Sometimes, when I ponder the discrepancy between quantum, or whatever's
smallest, perhaps strings 'below' (in scale) or 'within' (physically), and the
largest relativistic objects like "dark attractors" and meta-galactic
structures (streams of 'dark matter', light nodes, etc)...

 _It almost seems like scale is but another kind of dimension in and of
itself._

Like you've got spacetime at our human-ish scale (roughly 10 orders of
magnitude smaller to larger around our size), and that spacetime behaves in a
certain way, that probably Einstein describes accurately. Then you've got
spacetime at smaller scales, below "quantum uncertainty" if we must place a
limit, and there spacetime behaves in a much different way, the picture is
_very, very different_.

And so there could be yet another spacetime at a higher threshold of scale,
and intuition tells me it may be at the galacatic level already, because dark
matter, rotation discrepancy, and those weird supermassive blackholes; the
flow of galaxies, the meta-structure we see.
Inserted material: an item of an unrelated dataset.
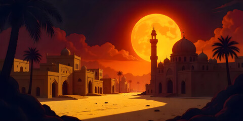 Ancient arab city with market and palace in the desert. Modern cartoon illustration of yellow traditional houses, an antique castle, mosques, palm trees.

Dark energy, if it's real, also
begins at that scale (doesn't break galaxies apart, but makes holes bigger
between them, the non-correlated enough sets).

Going from this idea to postulating disjointed (1+3) spacetimes forming, in
effect in this example, 3x4=12 dimensions to explore mathematically, let alone
physically, is a stretch which I'm certainly not willing to make (although I
think that's what some string theories must reduce to, somehow, maybe reduced
to a single unified dimension of time maybe?); no really this doesn't make
sense in my head. It's pretty but nonsensical, like art I guess. Worth the
sci-fi, not the studies.

But the feeling, the intuition really is that, and conveyed by these extreme
zooming animations: a different scale means totally different phenomena, and
no macro-system can be reduced to its parts in that view, nor can it be
deduced from its parts (I mean, we can't even solve the 3-body problem, that's
harsh on "scaling continuity" or smoothness, on the "linearity" of scales so
to speak). A "basic" intuition I guess is that the 4 fundamental interactions
have ranges, and kick in or out depending on a particular scale of the system.

Scales are obsessing me.

------
Zamicol
The total entropy of all the stars, 10^82, is 2^270

I love this, because the useful 256 bit string (2^256) is only 43 characters
long in base64, and to get to 2^270, it is only 45 base64 characters.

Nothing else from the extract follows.